The giant raver had Dylan in his arms. Dylan who’d been our sengil since the day we were brought to our childhood home. The raver had one hand on his head, and one on his leg, and… and he was smiling. A horrible smile that had his teeth glowing white and his eyes brilliant lanterns.
Then Dylan looked at me, directly at me, and we made eye contact. I saw a fear in those eyes that I couldn’t put into words, an unrestricted terror that knew no bounds but was concentrated to just that horror-filled gaze.
Then the raver’s teeth clenched, his face became strained and Dylan screamed.
The raver then
began pulling Dylan’s head from his body.
He screamed one last time, a scream that embedded itself permanently into my long term memory. I then saw, for a brief moment, a red line appear on Dylan’s neck, before his skin split, spilling blood and meat; his spine then came out of his back with a series of snaps and cracks as his ribs broke off.
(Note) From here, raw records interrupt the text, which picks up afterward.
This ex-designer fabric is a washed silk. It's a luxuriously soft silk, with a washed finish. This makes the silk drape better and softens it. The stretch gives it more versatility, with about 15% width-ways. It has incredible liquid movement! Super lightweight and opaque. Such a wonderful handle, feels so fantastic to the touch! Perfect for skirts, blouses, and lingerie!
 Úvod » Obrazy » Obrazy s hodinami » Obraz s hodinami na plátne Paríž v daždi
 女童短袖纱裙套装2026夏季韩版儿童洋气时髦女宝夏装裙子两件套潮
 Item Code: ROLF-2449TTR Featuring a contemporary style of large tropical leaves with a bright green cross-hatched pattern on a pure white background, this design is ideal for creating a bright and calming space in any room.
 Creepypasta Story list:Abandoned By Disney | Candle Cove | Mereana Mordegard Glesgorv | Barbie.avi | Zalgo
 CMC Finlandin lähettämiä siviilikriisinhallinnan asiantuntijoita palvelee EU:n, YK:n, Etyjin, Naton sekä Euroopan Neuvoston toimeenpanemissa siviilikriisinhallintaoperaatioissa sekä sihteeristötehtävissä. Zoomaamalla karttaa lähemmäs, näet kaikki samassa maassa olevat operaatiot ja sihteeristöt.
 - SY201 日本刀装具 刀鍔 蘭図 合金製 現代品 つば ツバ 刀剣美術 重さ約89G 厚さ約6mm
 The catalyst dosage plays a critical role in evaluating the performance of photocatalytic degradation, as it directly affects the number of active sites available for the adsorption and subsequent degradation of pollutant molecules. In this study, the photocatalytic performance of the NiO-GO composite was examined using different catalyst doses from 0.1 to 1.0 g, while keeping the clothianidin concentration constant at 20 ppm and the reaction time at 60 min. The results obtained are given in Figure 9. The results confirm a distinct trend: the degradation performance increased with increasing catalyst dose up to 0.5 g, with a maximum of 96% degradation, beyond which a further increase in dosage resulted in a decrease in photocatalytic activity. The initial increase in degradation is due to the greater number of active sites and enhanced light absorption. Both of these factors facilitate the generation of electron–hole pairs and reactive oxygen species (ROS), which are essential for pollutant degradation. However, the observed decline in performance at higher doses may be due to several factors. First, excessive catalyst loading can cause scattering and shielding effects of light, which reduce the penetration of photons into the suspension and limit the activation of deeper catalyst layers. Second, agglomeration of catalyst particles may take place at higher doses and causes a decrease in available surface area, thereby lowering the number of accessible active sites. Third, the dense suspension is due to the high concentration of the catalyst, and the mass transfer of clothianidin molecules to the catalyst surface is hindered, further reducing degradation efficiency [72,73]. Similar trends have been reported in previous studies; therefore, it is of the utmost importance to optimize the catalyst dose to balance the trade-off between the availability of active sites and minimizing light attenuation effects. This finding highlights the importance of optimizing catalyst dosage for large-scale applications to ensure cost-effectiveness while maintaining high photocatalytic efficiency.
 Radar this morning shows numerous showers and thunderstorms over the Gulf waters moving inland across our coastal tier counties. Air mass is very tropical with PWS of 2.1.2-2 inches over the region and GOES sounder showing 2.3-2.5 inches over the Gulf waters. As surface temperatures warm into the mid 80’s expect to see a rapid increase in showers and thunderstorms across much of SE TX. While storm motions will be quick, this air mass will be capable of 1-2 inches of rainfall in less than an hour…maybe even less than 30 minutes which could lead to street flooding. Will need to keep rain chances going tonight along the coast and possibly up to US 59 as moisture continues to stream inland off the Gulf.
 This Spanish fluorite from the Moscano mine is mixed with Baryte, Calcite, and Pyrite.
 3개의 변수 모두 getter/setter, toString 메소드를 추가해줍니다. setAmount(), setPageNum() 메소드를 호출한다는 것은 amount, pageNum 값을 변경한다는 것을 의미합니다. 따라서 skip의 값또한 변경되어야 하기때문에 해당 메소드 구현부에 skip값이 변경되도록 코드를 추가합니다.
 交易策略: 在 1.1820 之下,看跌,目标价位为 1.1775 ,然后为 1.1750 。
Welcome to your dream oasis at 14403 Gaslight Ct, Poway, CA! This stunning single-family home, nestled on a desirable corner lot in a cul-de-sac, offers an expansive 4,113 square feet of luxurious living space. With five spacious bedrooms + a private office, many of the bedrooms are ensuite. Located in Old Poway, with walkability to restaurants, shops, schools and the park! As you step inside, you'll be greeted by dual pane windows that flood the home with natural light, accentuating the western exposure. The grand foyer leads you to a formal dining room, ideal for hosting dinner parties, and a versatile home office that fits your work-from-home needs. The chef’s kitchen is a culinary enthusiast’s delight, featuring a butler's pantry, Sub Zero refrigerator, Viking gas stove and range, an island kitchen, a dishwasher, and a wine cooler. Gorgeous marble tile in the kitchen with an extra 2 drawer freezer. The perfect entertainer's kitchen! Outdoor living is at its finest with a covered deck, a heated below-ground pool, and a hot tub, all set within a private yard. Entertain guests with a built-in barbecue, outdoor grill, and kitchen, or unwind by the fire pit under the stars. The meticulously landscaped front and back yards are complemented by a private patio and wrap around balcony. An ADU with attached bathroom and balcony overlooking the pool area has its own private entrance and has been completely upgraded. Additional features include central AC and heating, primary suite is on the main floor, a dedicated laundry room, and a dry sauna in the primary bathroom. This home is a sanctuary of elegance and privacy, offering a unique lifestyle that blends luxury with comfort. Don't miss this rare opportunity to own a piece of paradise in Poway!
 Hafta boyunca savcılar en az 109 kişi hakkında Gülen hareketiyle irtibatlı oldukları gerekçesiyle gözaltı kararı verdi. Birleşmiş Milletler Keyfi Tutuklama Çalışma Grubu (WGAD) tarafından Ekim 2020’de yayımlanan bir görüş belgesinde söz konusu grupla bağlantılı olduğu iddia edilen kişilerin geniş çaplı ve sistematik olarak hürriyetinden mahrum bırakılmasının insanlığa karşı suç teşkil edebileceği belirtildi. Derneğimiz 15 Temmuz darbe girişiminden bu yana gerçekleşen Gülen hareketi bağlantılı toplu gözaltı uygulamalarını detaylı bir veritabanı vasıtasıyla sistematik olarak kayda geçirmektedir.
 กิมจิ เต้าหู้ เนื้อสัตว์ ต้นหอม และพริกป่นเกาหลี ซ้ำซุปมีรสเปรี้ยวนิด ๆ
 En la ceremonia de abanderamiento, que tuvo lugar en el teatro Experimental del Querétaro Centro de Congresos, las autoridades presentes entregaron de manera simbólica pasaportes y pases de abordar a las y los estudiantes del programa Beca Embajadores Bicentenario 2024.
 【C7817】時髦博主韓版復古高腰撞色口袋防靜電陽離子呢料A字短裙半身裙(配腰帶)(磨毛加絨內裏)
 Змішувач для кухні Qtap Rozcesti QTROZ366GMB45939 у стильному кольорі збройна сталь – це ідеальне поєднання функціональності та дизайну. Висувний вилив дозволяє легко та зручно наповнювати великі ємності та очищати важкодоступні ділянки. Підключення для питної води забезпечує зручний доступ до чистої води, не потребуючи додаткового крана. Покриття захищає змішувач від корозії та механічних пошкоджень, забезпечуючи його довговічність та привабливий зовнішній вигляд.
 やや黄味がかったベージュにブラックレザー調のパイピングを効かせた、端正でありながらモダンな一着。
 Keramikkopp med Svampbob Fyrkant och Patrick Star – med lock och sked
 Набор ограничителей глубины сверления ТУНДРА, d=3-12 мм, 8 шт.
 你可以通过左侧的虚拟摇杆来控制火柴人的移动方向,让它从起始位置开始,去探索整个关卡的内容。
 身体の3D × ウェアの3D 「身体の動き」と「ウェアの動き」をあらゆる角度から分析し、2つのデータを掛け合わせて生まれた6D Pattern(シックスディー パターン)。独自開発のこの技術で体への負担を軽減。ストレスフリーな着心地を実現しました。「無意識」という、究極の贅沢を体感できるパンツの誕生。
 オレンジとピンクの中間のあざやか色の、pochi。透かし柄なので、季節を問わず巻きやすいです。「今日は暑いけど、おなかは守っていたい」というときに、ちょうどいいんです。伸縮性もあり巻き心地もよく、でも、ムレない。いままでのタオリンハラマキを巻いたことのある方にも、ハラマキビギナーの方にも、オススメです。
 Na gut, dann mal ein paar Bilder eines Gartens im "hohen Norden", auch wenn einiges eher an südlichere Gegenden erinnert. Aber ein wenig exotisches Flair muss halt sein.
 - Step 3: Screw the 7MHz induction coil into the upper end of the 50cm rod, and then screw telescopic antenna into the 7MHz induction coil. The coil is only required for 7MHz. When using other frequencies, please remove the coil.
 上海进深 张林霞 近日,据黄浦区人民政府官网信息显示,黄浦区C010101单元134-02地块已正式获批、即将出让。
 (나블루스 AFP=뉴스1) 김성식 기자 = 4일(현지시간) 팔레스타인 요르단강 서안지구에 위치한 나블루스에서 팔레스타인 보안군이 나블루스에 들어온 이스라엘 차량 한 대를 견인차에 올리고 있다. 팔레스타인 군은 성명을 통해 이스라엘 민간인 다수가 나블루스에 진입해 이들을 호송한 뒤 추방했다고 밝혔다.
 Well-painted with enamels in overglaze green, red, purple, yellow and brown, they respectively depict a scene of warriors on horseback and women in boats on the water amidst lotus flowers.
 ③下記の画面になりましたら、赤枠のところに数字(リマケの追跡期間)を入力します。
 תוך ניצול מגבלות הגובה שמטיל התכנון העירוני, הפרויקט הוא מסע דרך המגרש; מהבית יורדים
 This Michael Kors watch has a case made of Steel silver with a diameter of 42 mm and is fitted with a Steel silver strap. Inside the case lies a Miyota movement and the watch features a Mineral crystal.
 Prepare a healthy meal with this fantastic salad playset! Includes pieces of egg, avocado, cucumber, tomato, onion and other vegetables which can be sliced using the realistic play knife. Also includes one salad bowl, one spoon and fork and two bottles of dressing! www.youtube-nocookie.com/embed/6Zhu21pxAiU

Someone was pulling my arm, but I couldn’t move. I watched the raver bring the shredded mess of flesh and bones that was Dylan’s head to his mouth, and he began to chew on the dangling meat.
All while doing this, those eyes stared at me.
I then was picked up, and was soon being carried through the shopping mall, the beast raver feasting upon the flesh of my caretaker.
He was dead. Dylan was dead.
And we were going to die too. We were going to die in here, and Master Silas would never know what happened to us. I’d never see Ellis or Garrett again. I may even see him eat Nero and Cristo.
No… no. I was a chimera. I was a genetically engineered human, built to survive.
I wasn’t built to be carried. I wasn’t built to be taken care of.
I was a chimera.
And I needed to act like it.
“Let me down,” I cried to Cristo.
Cristo, out of breath, put me on the ground. He had the flashlight in his hand, shining on the maze-like mall in front of us like a spotlight looking for fugitives. There were open stores everywhere, dark and crumbling on the inside, but all of these stores seemed too open to be safe.
“There has to be an exit to outside somewhere,” I said hastily to Nero. He looked over his shoulder and nodded. “We’ll go down that hall–” Nero’s eyes widened and I looked to see what he was staring at… just as I felt the ground rumble underneath my feet.
I didn’t want to, every part of my mind told me not to turn around, but I did.
Directly behind us, and gaining on us quickly, was the beast raver. In one hand was Dylan’s head, and in the other, the rest of his brutalized body which dangled around like a doll’s.
Almost the rest of his body. The raver had the lower part of Dylan’s arm hanging out of his mouth. He was looking at us with his squinty eyes glaring, and his teeth, long because of his missing lips, clenched tight.